Ryan Mack, at Content to Commerce, attempts to address what he calls “the real reason behind its [social media’s] rapid growth.” Let me be fair before I get critical, Mack positions this at the outset as the turn of a casual discussion. And perhaps it was. The post, though, attempts to bring in the voice of authority and so opens itself to some dissection.
Where Mack ultimately heads with this post is to suggest that the growth lies in basic human needs. And to define those needs he drags out two big names: Abraham Maslow and Manfred Max Neef. And here’s where the trouble starts.
Maslow, a psychologist, is famous for his hierarchy of needs, Max Neef, an economist, for his work in the human development model. But remember what Mack said started the discussion: wondering what has driven the rapid growth of social media. That’s a mass phenomenon. So the more proper referents would, I’d argue, come from sociology or social psychology.
I can hear the counterargument already: the mass is composed of the individual so you need to understand what is going on at that level. Well, no. This is a faulty analogy to hard science where what happens at the atomic level radiates up through more complex structures and systems. In the social realm group dynamics and social structure serve to constrain and direct behavior. To explain social phenomena without incorporating these very real restraints is, I think, to miss the boat.
What Mack suggests is this: we have an observed phenomena–the growth of social media. We have fundamental human needs rooted in individual psychology. Social media fulfill those needs. Ergo the growth of social media is a direct result of addressing fundamental human needs.

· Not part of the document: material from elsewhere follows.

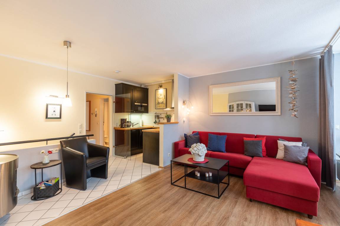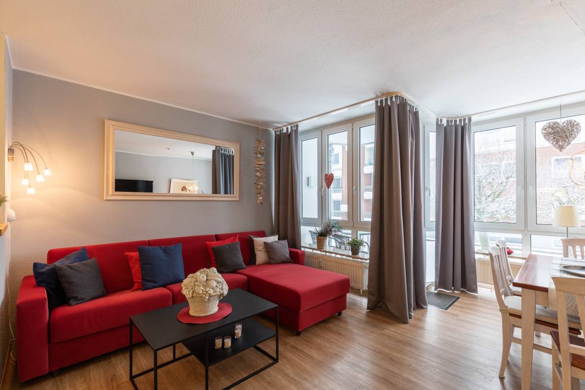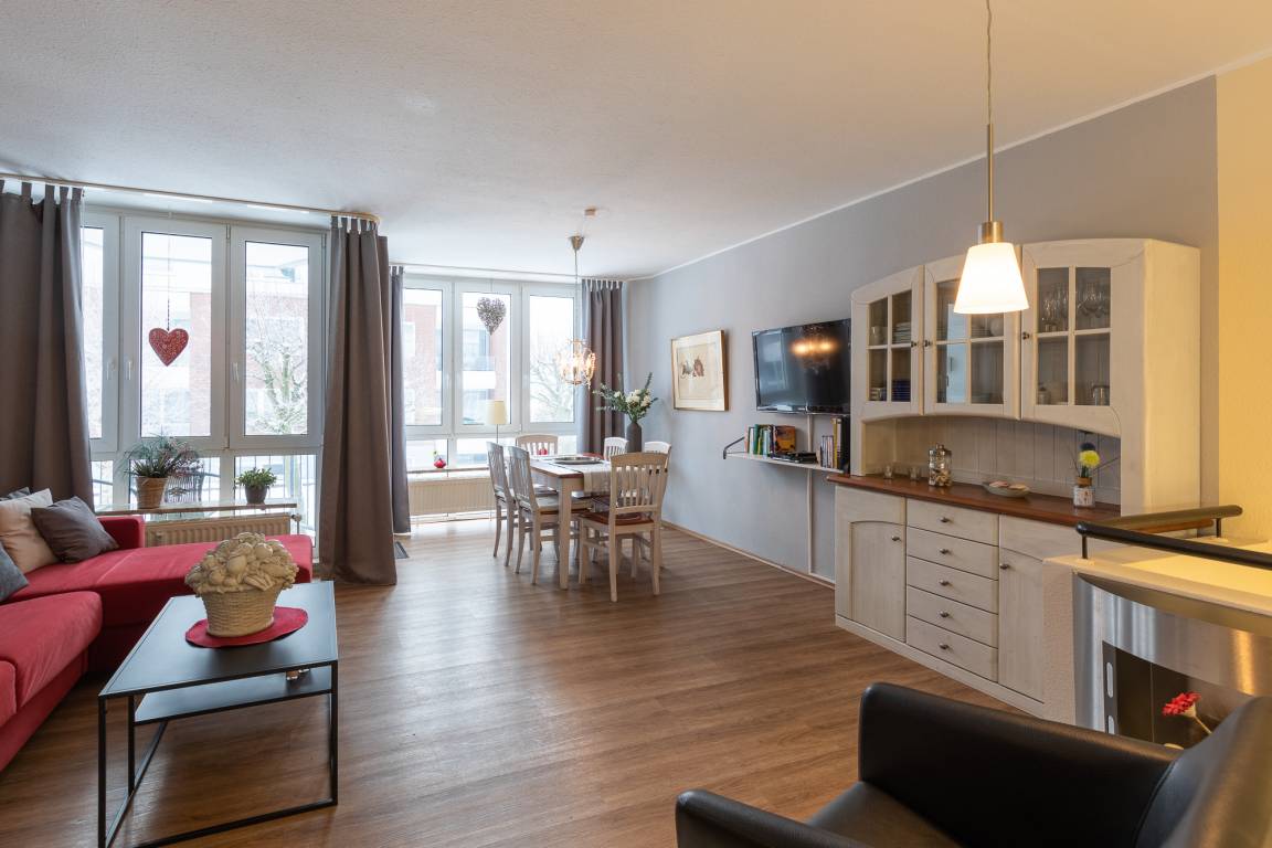 Die Wohnung 415 befindet sich in einer kinderfreundlichen Ferienanlage. In nur 800 Metern erreichen Sie die Nordsee mit dem Sandstrand, die Promenade, diverse Restaurants, Einkaufsmöglichkeiten, die Duhner Heide und Wanderwege.

The problem is that the argument is built on a logical fallacy–the fallacy of composition. The structure of such an argument is that what is true for the individual case is true for the whole. So the individual has fundamental needs, therefore the group does and that provides the explanatory power of the growth of social media.
Let’s take another case of a mass social phenomenon: the acceptance of totalitarianism in the interwar years. Applying Mack’s logic, you must conclude that the populations of Spain, Italy, Japan and Germany all suffered from the same root-level insecurities and fears that only a dictatorship could address in a way that satisfied those needs. You’d be on safer ground speculating about the mental illness of Mussolini, Hitler and Tojo.
While the overall argument is unsound the structure is also wobbly. The technical term for trotting out the names of experts is the appeal to authority. Experts are not always right even in their area of expertise so quoting them to support your point absent data is a rhetorical trick demonstrating memory rather than understanding.
There are several arguments to be made about social media all of which need to be researched further. Here’s just one: there is a large body of literature going back to Durkheim and most recently including work by Arlie Russel Hochschild, Barbara Ehrenreich, Christopher Lasch and others that talks about alienation. Perhaps, as the song says, social media are a tool that helps us “crack the shell and mix with the others.” Knowing that is going to require real work, not just flipping through note from Psych 101.